── LISTED ENTRIES ──

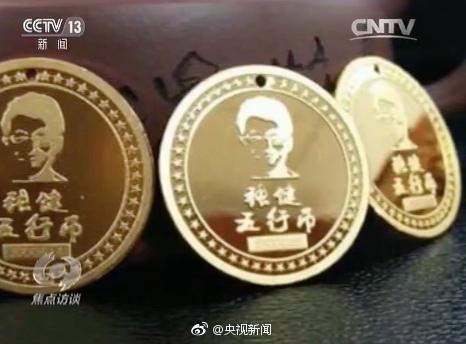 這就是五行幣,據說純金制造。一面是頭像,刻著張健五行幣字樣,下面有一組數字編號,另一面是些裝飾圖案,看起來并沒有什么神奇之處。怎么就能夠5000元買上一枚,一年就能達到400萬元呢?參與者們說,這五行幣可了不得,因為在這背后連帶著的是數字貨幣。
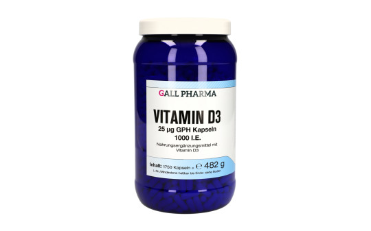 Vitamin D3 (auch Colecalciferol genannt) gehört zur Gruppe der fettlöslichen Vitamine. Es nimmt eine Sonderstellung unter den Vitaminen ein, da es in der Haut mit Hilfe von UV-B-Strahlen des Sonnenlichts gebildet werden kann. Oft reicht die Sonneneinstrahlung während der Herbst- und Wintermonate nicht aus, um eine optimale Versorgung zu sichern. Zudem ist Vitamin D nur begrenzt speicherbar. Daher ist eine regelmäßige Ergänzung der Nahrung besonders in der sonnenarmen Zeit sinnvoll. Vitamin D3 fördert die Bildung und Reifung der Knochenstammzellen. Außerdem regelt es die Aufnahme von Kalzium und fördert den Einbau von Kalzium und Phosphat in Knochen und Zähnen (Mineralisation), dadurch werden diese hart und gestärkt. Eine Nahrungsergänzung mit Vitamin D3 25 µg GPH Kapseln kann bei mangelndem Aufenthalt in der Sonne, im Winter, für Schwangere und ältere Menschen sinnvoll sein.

───
── LISTED ENTRIES ──

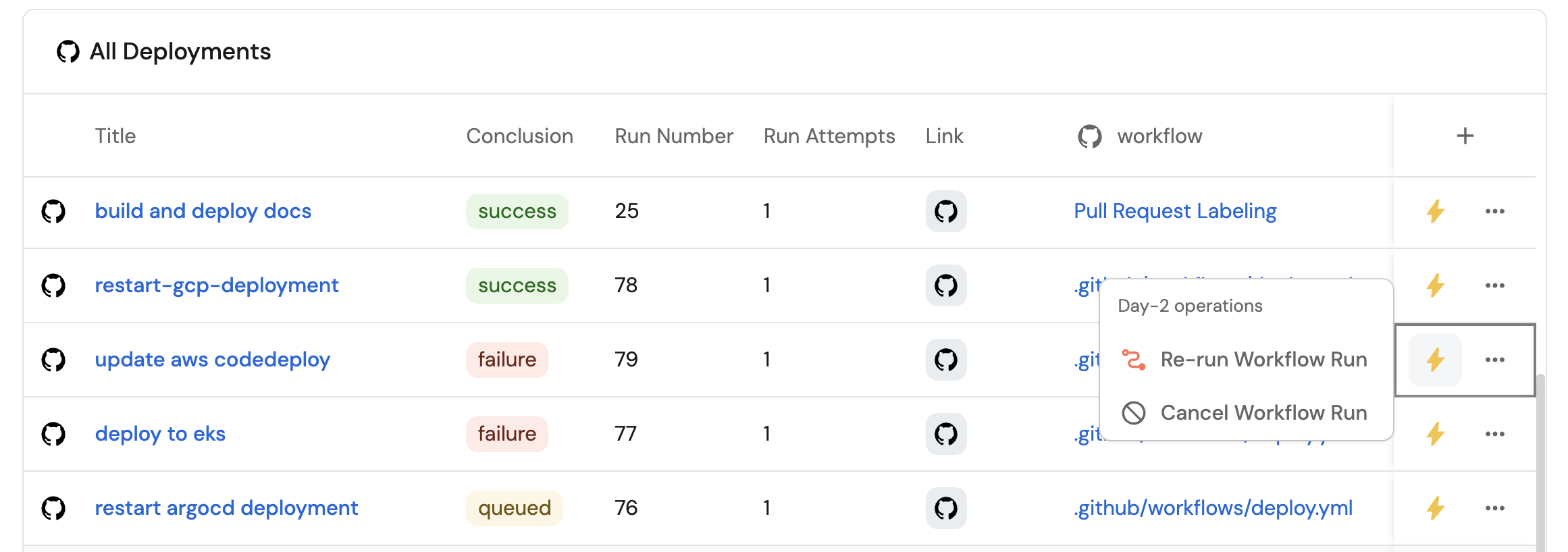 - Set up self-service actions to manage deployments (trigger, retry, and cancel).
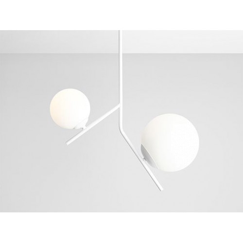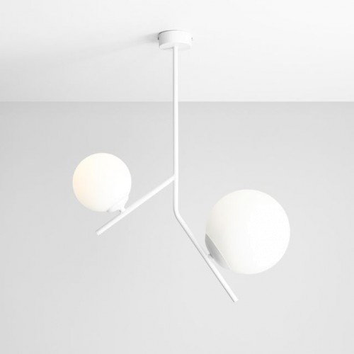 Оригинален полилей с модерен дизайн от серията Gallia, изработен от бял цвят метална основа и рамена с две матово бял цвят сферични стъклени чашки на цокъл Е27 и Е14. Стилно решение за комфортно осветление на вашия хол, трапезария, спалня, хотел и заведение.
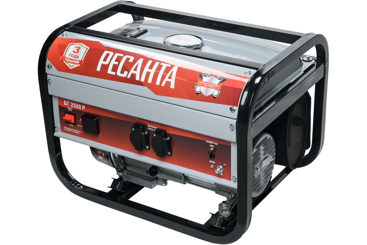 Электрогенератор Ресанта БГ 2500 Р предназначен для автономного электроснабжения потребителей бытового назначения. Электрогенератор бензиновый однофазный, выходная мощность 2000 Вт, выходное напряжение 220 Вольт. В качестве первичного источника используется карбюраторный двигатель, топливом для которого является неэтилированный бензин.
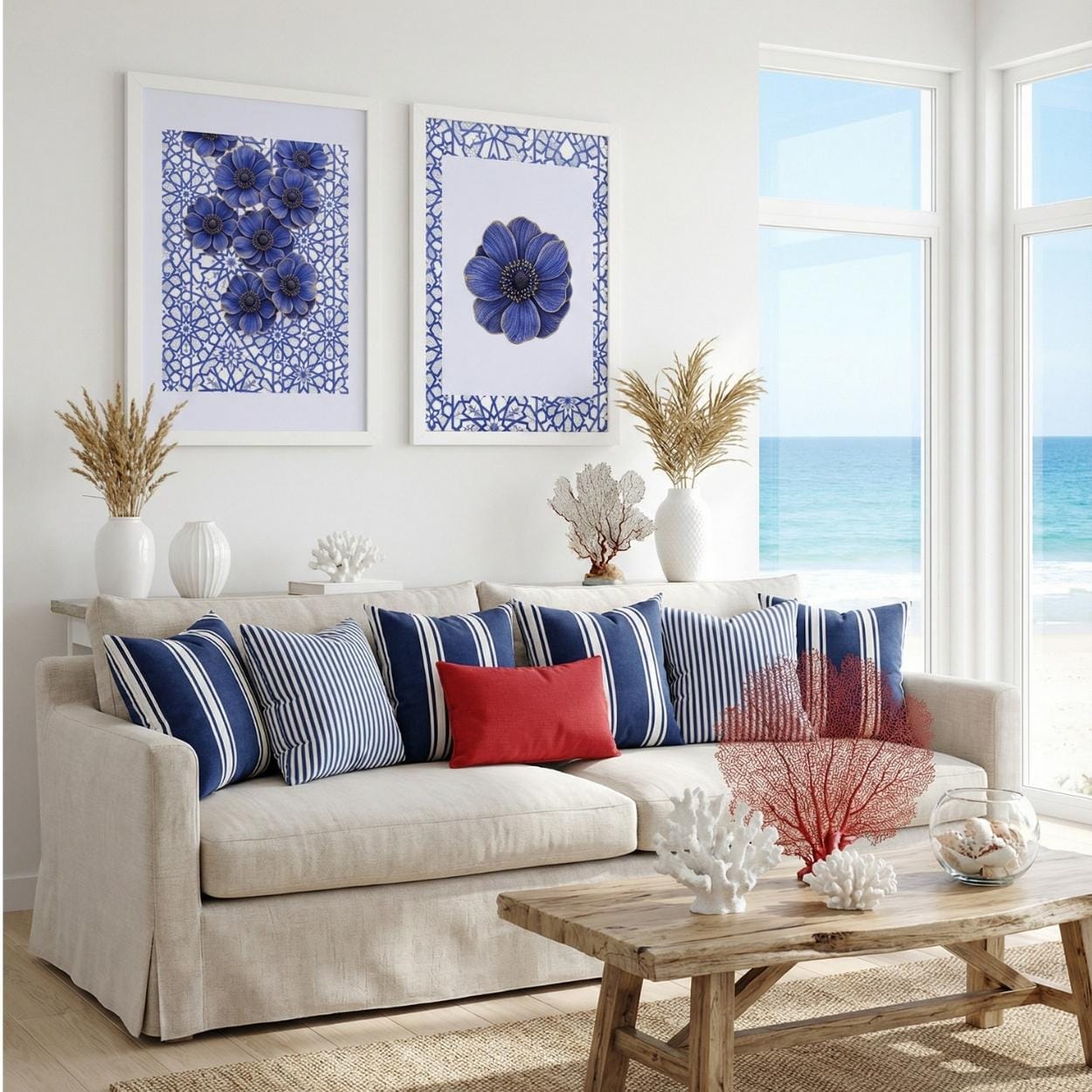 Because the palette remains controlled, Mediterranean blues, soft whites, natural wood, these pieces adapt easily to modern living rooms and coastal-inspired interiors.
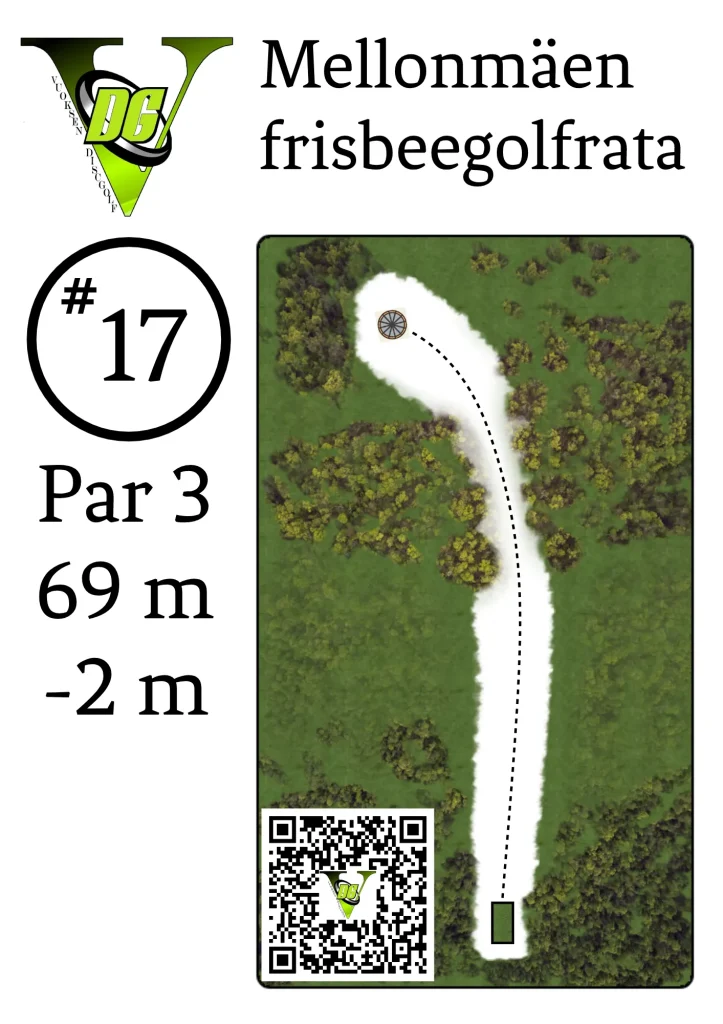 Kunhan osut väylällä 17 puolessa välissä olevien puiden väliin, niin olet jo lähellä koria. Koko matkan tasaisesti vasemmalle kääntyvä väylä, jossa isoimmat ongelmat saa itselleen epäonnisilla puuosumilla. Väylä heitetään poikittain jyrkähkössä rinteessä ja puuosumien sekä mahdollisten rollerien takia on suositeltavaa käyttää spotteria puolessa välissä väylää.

───

▶ **PROBLEM**: Above are the records. Copy only the lines from the one with "- Set up self-service" through the one with "Because the palette", exactly, with no pictures.

▶ **TASK RESULT**:
 - Set up self-service actions to manage deployments (trigger, retry, and cancel).
 Оригинален полилей с модерен дизайн от серията Gallia, изработен от бял цвят метална основа и рамена с две матово бял цвят сферични стъклени чашки на цокъл Е27 и Е14. Стилно решение за комфортно осветление на вашия хол, трапезария, спалня, хотел и заведение.
 Электрогенератор Ресанта БГ 2500 Р предназначен для автономного электроснабжения потребителей бытового назначения. Электрогенератор бензиновый однофазный, выходная мощность 2000 Вт, выходное напряжение 220 Вольт. В качестве первичного источника используется карбюраторный двигатель, топливом для которого является неэтилированный бензин.
 Because the palette remains controlled, Mediterranean blues, soft whites, natural wood, these pieces adapt easily to modern living rooms and coastal-inspired interiors.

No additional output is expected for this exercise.